イングランドとスコットランドに莫大な土地を所有する英国有数の大地主だった彼は、スコットランドの所領の開発を推進しました。
1780年代から19世紀前半まで、スコットランドのハイランド地方では「ハイランドクリアランス」と呼ばれる、地域住民が大規模に強制移住された時期。
強制移住は産業革命による人口増加、農業の不振、飢饉、羊の需要の拡大のために地主達が借地人を追い出す目的とともに、ハイランド地方で反乱をもくろんだ氏族への弾圧の目的がありました。
当時、ハイランドから追われた人々は、海岸沿いの入植地へ移住させられ、ニシン漁などの漁業、建築業、繊維業、蒸溜所などで働きました。
クライヌリッシュ蒸留所の創業者であるサザーランド公爵は、妻のエリザベスとともに、ハイランダー達に過酷な労働を強いた人物としても名を残しています。
ボトルの特徴とテイスティングレビュー
ボトルのラベルを飾る山猫は公爵家の紋章の一つでした。時代が変わった現在、なにかを意味するかのように山猫の絵はあまり可愛くありません。
その後、クライヌリッシュ蒸留所はブローラと改名して、1983年まで稼動していましたが現在は閉鎖中です。

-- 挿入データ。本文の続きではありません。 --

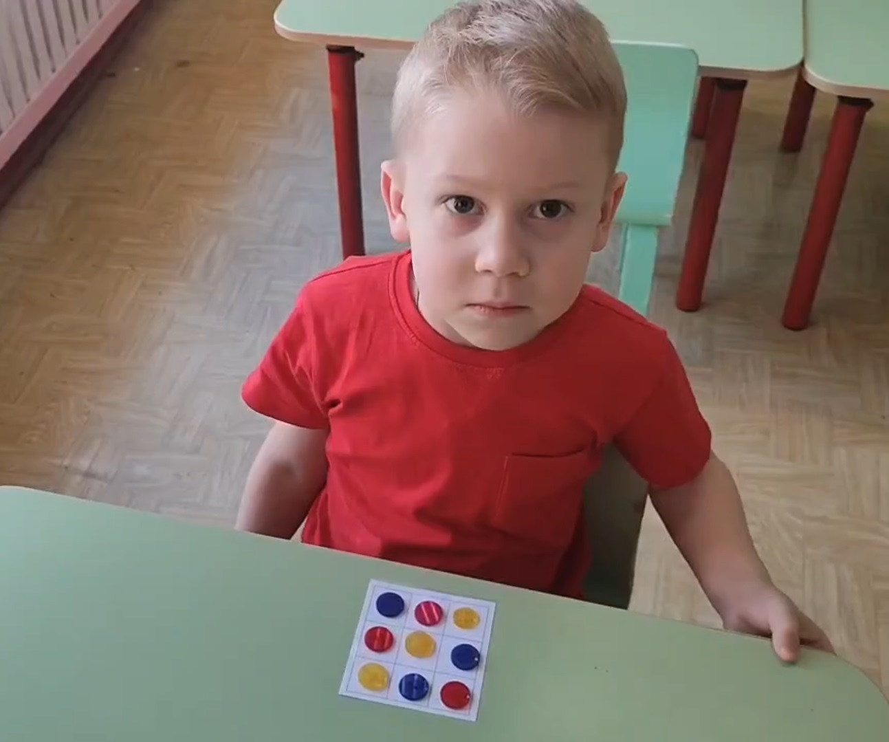 В нашей головоломке "Судоку с пуговицами" мы предлагаем использовать вместо цифр цветные пуговицы. Поле квадрата состоит всего лишь из 9 ячеек. Но принцип задания тот же: надо разложить пуговицы разного цвета в ячейки квадрата так, чтобы цвет пуговиц не повторялся ни в рядах (по горизонтали), ни в колонках (по вертикали). (Смотреть видео!)

現在、クライヌリッシュ蒸留所と名乗っているのは、1967年に隣の敷地に元とまったく同じ設計で建てられた施設。その後、経営権が移り、現在は先に述べたようにMHDモエヘネシーディアジオ社の傘下となっています。
「クライヌリッシュ」の度数は46度と高めで、700ml。価格は送料入れずに4,500円前後。並行輸入ならもうちょっと安いものもあります。
一般的な評価も高く、「ピート香は控えめで繊細な味。バランスがいい」「適度にウッディで甘い味わい。長く尾を引く余韻」「花の蜜のよう。飲み干した後のグラスからバニラが香る」「ロウソクを思わせるワクシーな香り。余韻も優しくほどよい感じ」とあります。
「ワクシー」の臭いに関しては、魅力的な香りとして受け入れられています。「ロウソクを思わせる」というレビューもありますが、ネガティブな意味ではなく、通好みでありながら万人受けするスコッチと言えるでしょう。
希少なシングルモルトウイスキーの14年がこの価格なら、ストックしておいて損はないですね。